I make it a practice to never recommend any particular market as being suitable for your trading. It's none of my business what you choose to trade. I don't offer financial advise and to do so would be completely irresponsible as I have no insight into your individual needs or circumstances. (For more, see here for my Disclaimer and Terms & Conditions.)
However, I do care that you survive the learning curve.
So if you've made an independent decision to trade a market, and there is a lower risk option available, then please start there.
Prove success at the smaller level first. And build up to full size contracts and larger position sizes.
E-mini traders – don't trade the E-mini's until you've confirmed you can trade the Micro E-mini's. Forex traders – don't trade full size lots until you've confirmed you can trade the mini or micro lots.
If you do have edge, you'll transition quickly to larger size.
But until that is proven, please:
AND INCREASE YOUR ODDS OF SURVIVING THE LEARNING CURVE.
The gap between sim and full-size contracts is quite large (in terms of risk). Make use of these "smaller" markets to bridge the gap and make the transition to live trading just a little smoother.
I was contacted by a trader who has recently gone live but then preceded to bleed his account into a 30% drawdown.
He's not trading the YTC strategy. I was pleased to hear that!
And I was most pleased to hear that he was smart enough to stop trading at 30% loss.
But here's what really annoyed me.
Although his 5-figure account size is sufficient for trading E-minis with 3 contracts, as a new trader he has no right to be starting there when other options are available.
New traders – PLEASE – always start live with the smallest position sizes available. And build from there, slowly and incrementally, as success and consistency are proven at each level.
Since May, the CME has offered Micro E-mini contracts.
MES – Micro E-Mini S&P 500 – the micro equivalent of the ES
MYM – Micro E-Mini Dow – the micro equivalent of the YM
MNQ – Micro E-Mini NASDAQ – the micro equivalent of the NQ
M2K – Micro E-Mini Russell – the micro equivalent of the RTY
All micro contracts being 10 times smaller in size than the equivalent E-mini.
Yes… the same markets… almost exactly the same charts… but 10 times smaller.
The number one rule for trading is to survive to trade another day (IIRC this was a lesson I got from Larry Williams). I highly recommend you adopt this rule in your own trading. But as a new trader who has yet to establish a proven track record, it's even more important.
Start small. And build from there slowly and incrementally.
I've finally managed to play with the MNQ in recent weeks.
The following was the 14th October, the Columbus Day holiday. Holidays are typically a "stand aside" day for me due to the potential for low volume, narrow range and largely unfavourable conditions.
So I just "played" with MNQ while doing other work.
I'm going to use MNQ for testing, alongside NQ. New trade ideas. And different trade management plans.
I've never been good at trading multiple markets at once, on these low timeframes. But with this idea the analysis for both is essentially the same, so I'm aiming to trade NQ and "test and develop" MNQ at the same time.

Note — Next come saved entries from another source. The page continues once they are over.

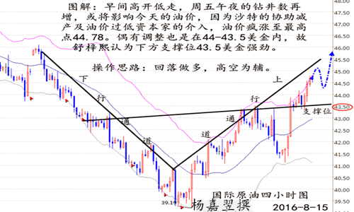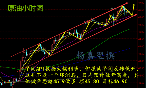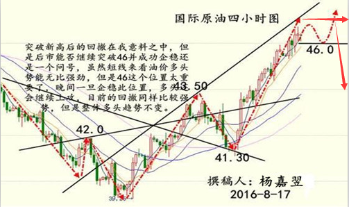 杨嘉翌:8.17EIA预计利多行情反转走空头,空单迎解套良机! 【消息面】 周三(8月17日)原油盘初,油价小幅回落。美油交投于46.42美元/桶附近,跌幅约为0.34%;布油交投于48.96美元/桶附近,跌幅约为0.55%。虽然OPEC冻产预期升温,加之美元走软,尼日利亚减产等因素提振市场乐观情绪,但是,API公布的数据显示,成本油库存意外
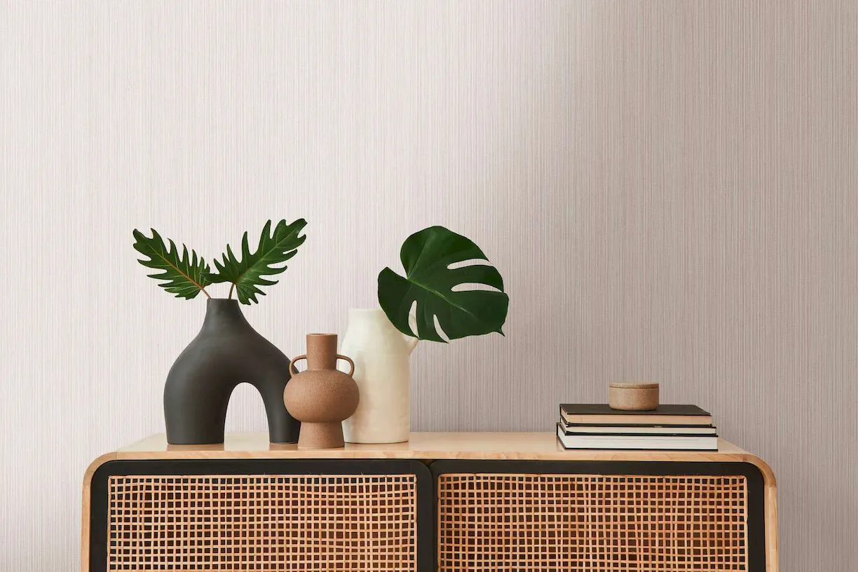 Metaliczny połysk tapety przyciąga wzrok i nadaje przestrzeni wyjątkowego blasku. Dzięki temu, nawet w mniej oświetlonych pomieszczeniach, tapeta emanuje subtelnym światłem, tworząc przytulną atmosferę. Fioletowe i szare odcienie harmonijnie współgrają ze sobą, co sprawia, że tapeta jest niezwykle uniwersalna i łatwa do zestawienia z różnorodnymi dodatkami.
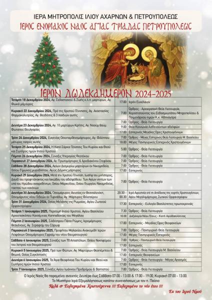 Πρόγραμμα ακολουθιών Δωδεκαημέρου στην Αγία Τριάδα Πετρ.
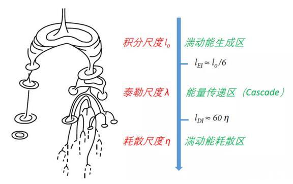 而之所以會(huì)出現(xiàn)上圖中的有趣現(xiàn)象,則要牽扯到湍流的生成、傳遞及耗散:湍流中的大渦會(huì)破碎為小渦,小渦再破碎為更小的“迷你渦”,然后逐漸耗散,這個(gè)過(guò)程與當(dāng)?shù)乩字Z數(shù)相關(guān)。當(dāng)“迷你渦”變得足夠小時(shí),根據(jù)角動(dòng)量守恒,渦的角速度將會(huì)非常大,意味著局部速度剪切很強(qiáng),粘性就變得舉足輕重了,于是,“迷你渦”就這樣被粘性耗散掉了。事實(shí)上,渦的尺度足夠小時(shí),體現(xiàn)為當(dāng)?shù)乩字Z數(shù)非常小,粘性力對(duì)流體的影響則顯著大于慣性力。
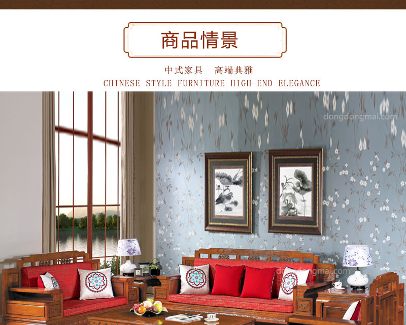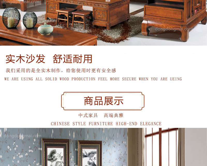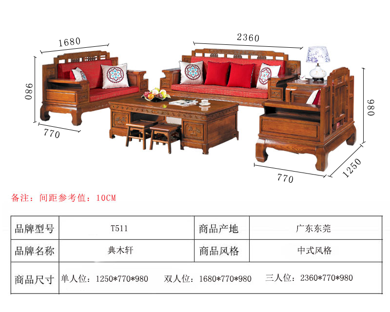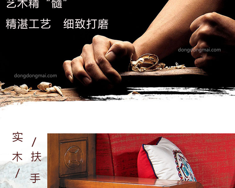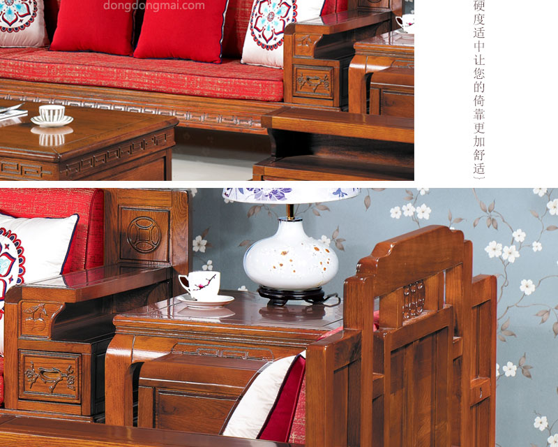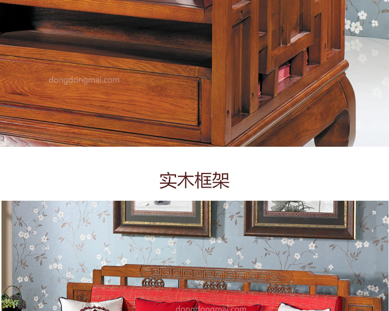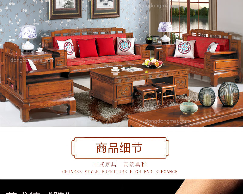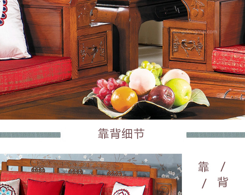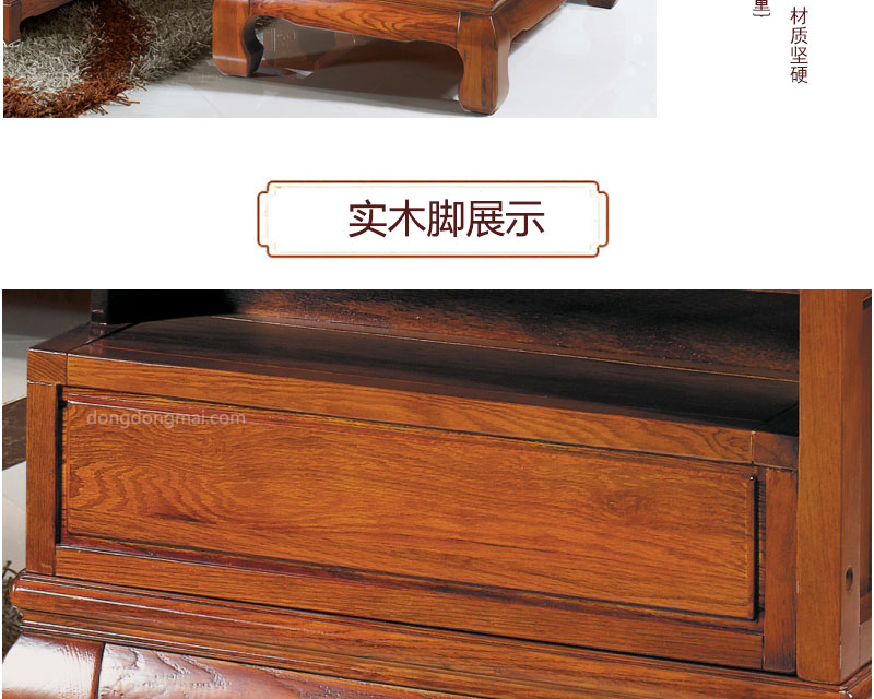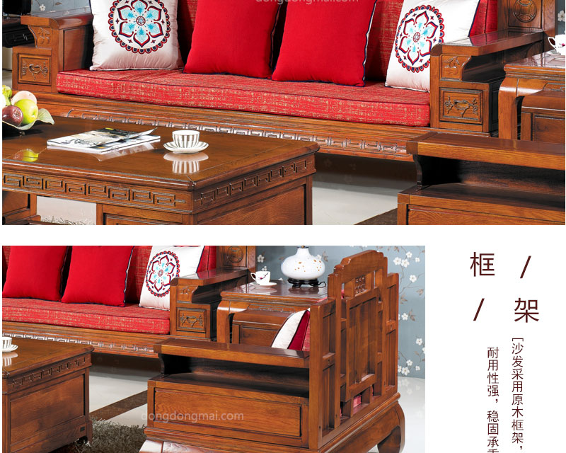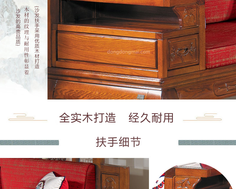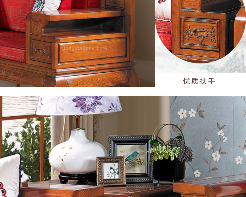 【典木轩】中式风格 典藏橡木 手工雕饰 中国风布艺搭配 储物抽屉实木沙发(1+2+3)型号:T511

I'm also going to include more MNQ trades in the newsletter and blog, to hopefully show you that it's not only ok to trade, but a damn good market for bridging the gap from sim to E-minis.
Back to our trader with the drawdown.
He's taking a break to:
- Clear his mind
- Replenish his funds
- Review the cause of his failure
- Define solutions
- Restart on sim
- And transition to micro contracts, building slowly from there, increasing size incrementally as success and consistency is proven at each level.
A smarter plan.
A more survivable plan.
If you're just starting out, or approaching the stage where you transition from sim to live markets, consider adopting a similar slow and steady progression plan.
Lower risk. And increase your odds of surviving the learning curve.